[E]stablish a statewide policy on occupational regulation, to allow an individual who has been convicted of a criminal offense to request a licensing authority to determine whether the individual is disqualified from receiving or holding a professional license based on conviction, to require standing committees of the General Assembly to periodically review occupational licensing boards regarding their sunset, to require the Legislative Service Commission to issue reports of occupational licensing bills and state regulation of occupations, to require the licensure of home inspectors, to create the Ohio Home Inspector Board to regulate the licensure and performance of home inspectors, to require realtors who recommend home inspectors to provide a list of home inspectors, and to regulate the practice of makeup artistry.
The first provision, though not undoing restrictions on receiving a license based on a criminal conviction, would nonetheless save ex-cons the time and money associated with getting a license if they determine up-front that their conviction prevents them from entering the occupation of their choosing.

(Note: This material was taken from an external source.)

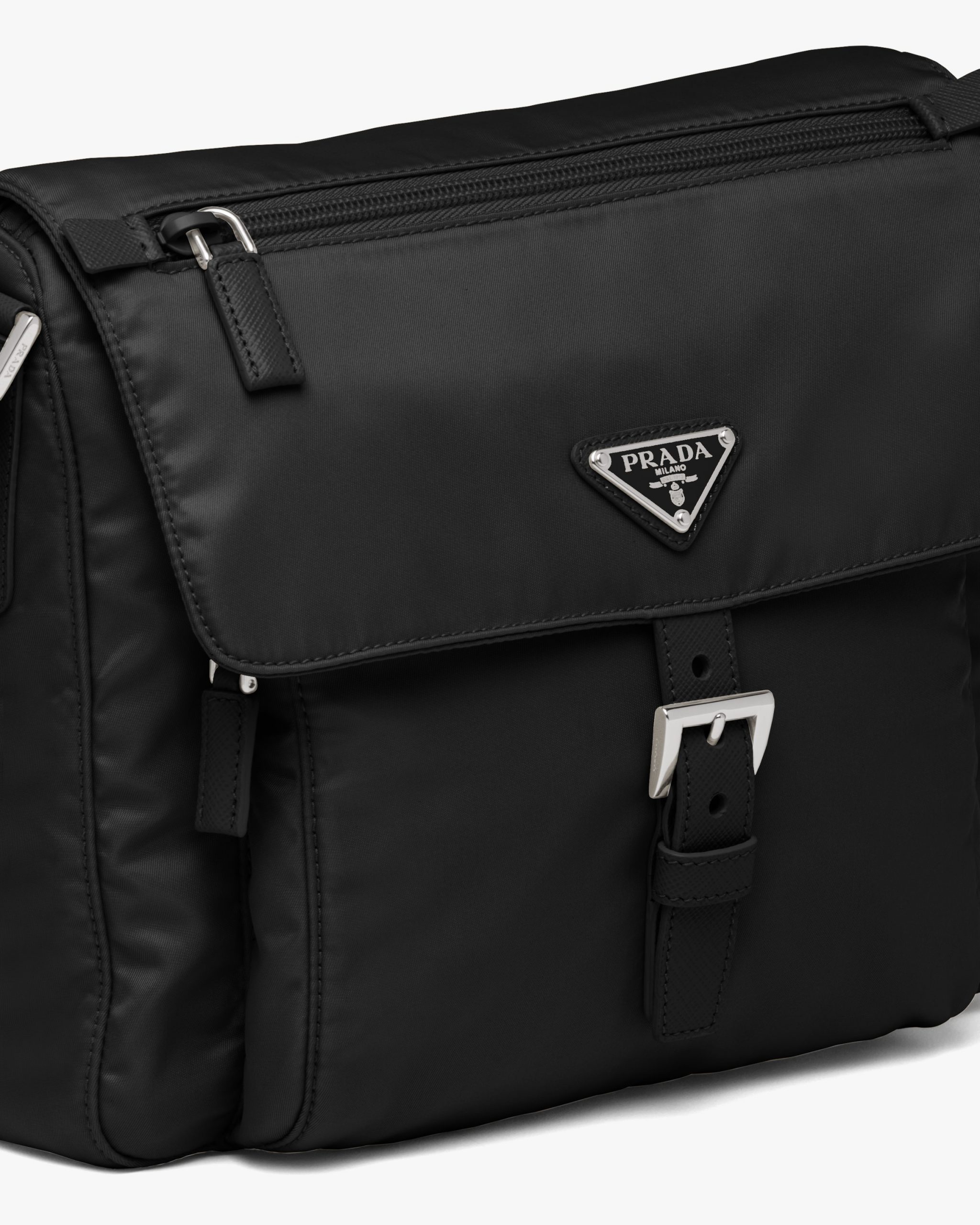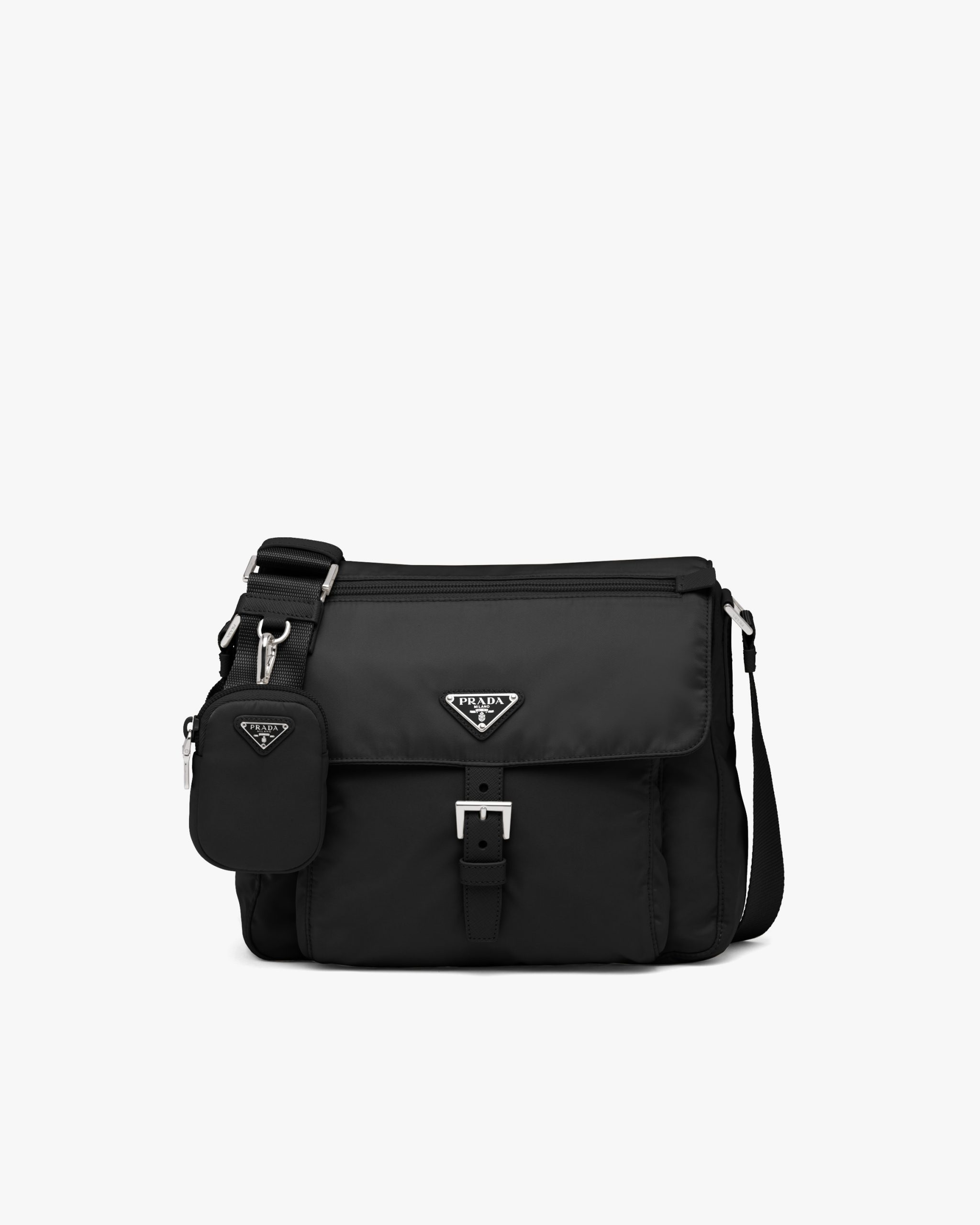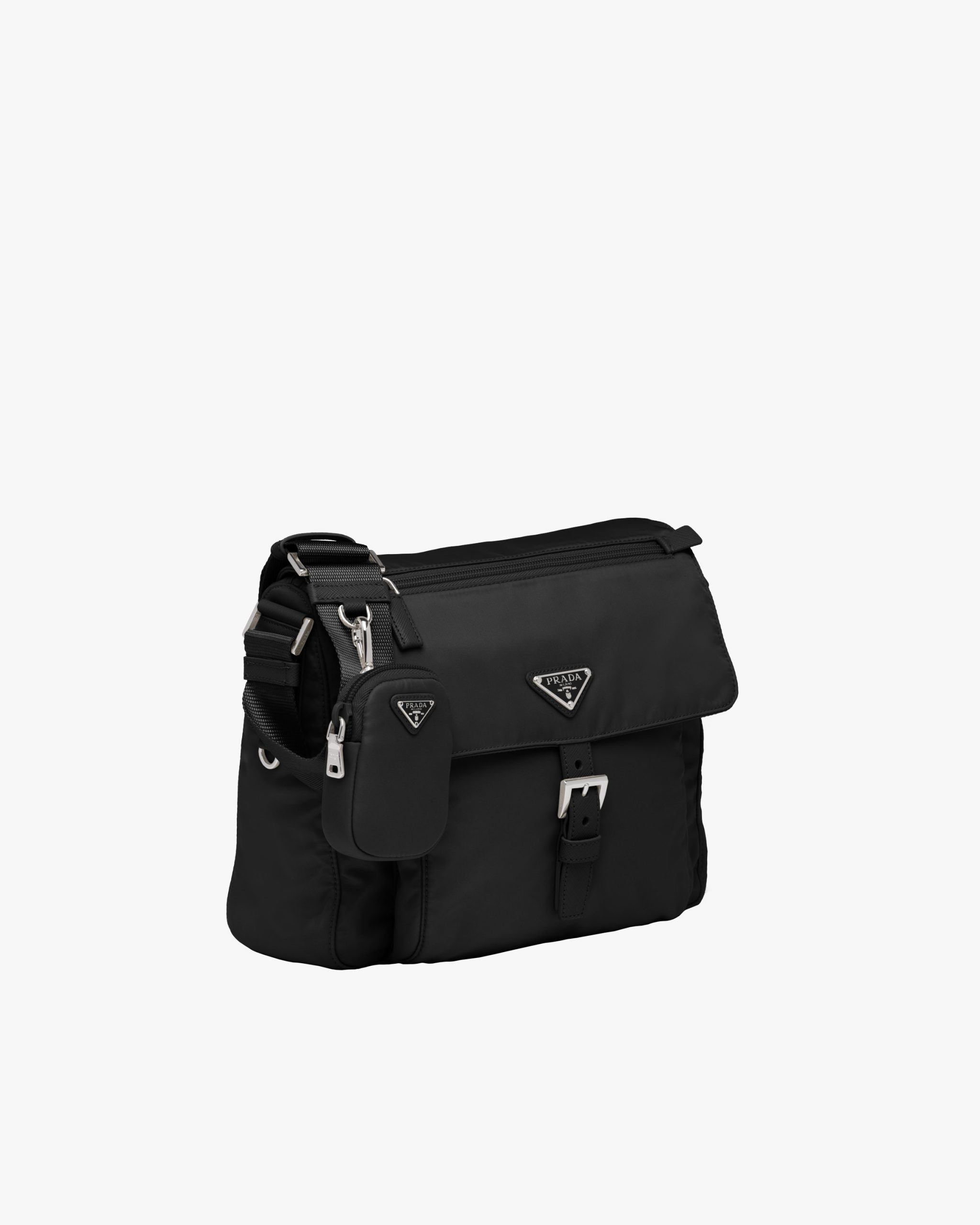 This practical leather shoulder bag is accented by the enameled metal triangle logo2 and the external pocket with buckle. The accessory is made of Prada’s innovative Re-Nylon, a fabric that can be endlessly regenerated, produced from recycled, purified plastic materials collectsed in the ocean.

The second bundle is the most exciting part, and is similar to Nebraska’s recently passed reform. Though it does nothing to delicense a profession directly, the periodic review puts licensing’s proponents on the defensive, forcing them to justify their favored regressive regulation over some less-restrictive alternative on a regular basis.
The final provision would license home inspectors, and creates updated regulations for makeup artists (though the law creates a number of relatively easy requirements for which “[t]he state cosmetology and barber board shall issue a boutique services registration to an applicant.”
This final provision makes it a less-than-perfect reform, but SB 255 is nonetheless a step in the right direction for the Buckeye State.